MAY 1, 2011 THE WALL STREET JOURNAL
By EVAN RAMSTAD
SEOUL—Samsung Electronics Co. Chairman Lee Kun-hee warned in September that the company would have difficulty this year exceeding its record-setting profit of 2010. So far, he's right.
The company on Friday announced a 30% drop in first-quarter net profit as its TV-component business dropped into the red and semiconductors brought smaller profits. Executives signaled a profit decline is likely in the second quarter, against another difficult comparison from a year earlier.
"We expect the adverse business environment to continue," Robert Yi, the company's chief of investor relations said. He forecast a better performance later in the year when seasonal demand rises for electronics and component supplies tighten, lifting prices and profitability for the chips and screens Samsung makes.
Samsung posted a net profit of 2.78 trillion won ($2.6 billion), down from four trillion won in the year-earlier quarter. Revenue was 37 trillion won, up nearly 7% from a year ago.
The company's semiconductor business had an operating profit of 1.64 trillion won and operating margin of 17.9%—the smallest margin since the last quarter of 2009. Its display panel business reported an operating loss of 230 billion won.
Samsung's cellphone business remained the company's main bright spot with an operating margin of 13.4%, the highest since early 2008, due to increased sales of higher-margin smartphones.
Even with the higher margins, Samsung lost market share in the quarter. The company announced that it shipped 70 million mobile devices in the quarter, up from 64 million a year earlier—and that smartphones grew to 18% of shipments from 4% a year earlier. Analysts said about one million of the 70 million devices were tablet computers, but Samsung declined to confirm the figure.
The cellphone division's growth was slower than several of its competitors and outside analysts estimate its global market share fell to 18% from 20%, still second-largest after Nokia Corp.

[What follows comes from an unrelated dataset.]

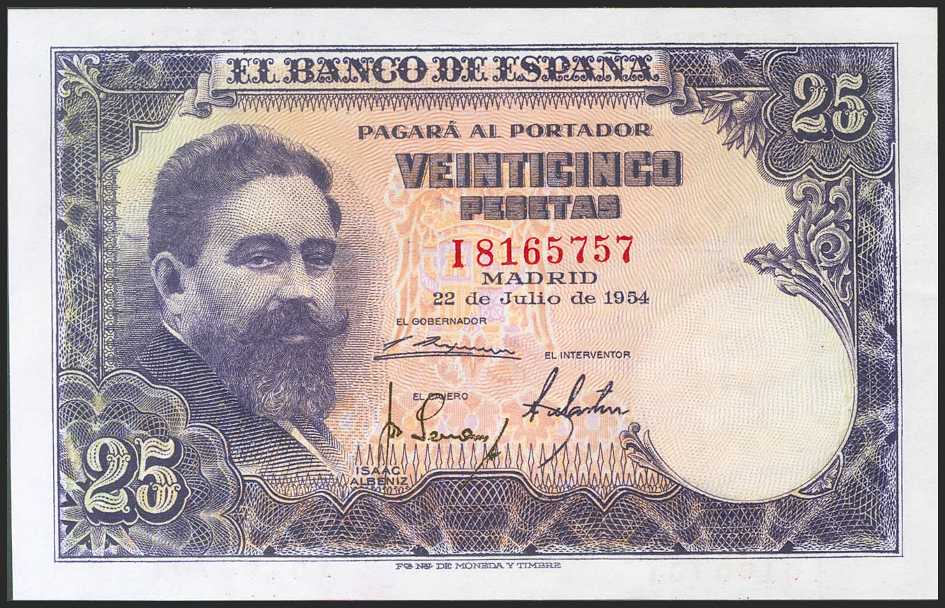 25 pesetas. July 22, 1954. Series I. (Edifil 2021: 467a). original sizing Almost Uncirculated.

Samsung's most difficult problem is the persistently low profitability of its consumer-products business, which is its biggest by revenue and includes its name-brand TVs, computers, cameras, washing machines and other goods.
The business eked out a small operating profit of 100 billion won in the latest quarter, down more than 80% from 530 billion won a year ago but a return to the black after it lost money in the last two quarters of 2010.
Investors for years watched Samsung gain size in consumer products through low pricing that eroded margins. But after several years as the world's biggest maker of TVs, which account for 55% of the unit's revenue, Samsung hasn't been able to convert that scale into substantial or lasting profitability for consumer products.
Separately, the electronics maker escalated its fight with Apple Inc. over the appearance of smartphones by filing a new lawsuit in the U.S. late last week. That came after it earlier filed suits in South Korea, Japan and Germany to counter one that Apple filed against it two weeks ago.
With the suits, Samsung is betting it can show that technology matters more than design in the rapidly growing smartphone market, which has come to resemble the go-go days of PCs in the late 1980s and early 1990s, when manufacturers boasted of ever-increasing speeds and other features. In releasing their latest Galaxy S II smartphone last week, Samsung executives concentrated heavily on the capabilities of its processing chip and screen.
In response to Samsung's latest suit, an Apple spokeswoman repeated the statement the company made when it filed suit against Samsung, saying that Apple needed to protect itself "when companies steal our ideas."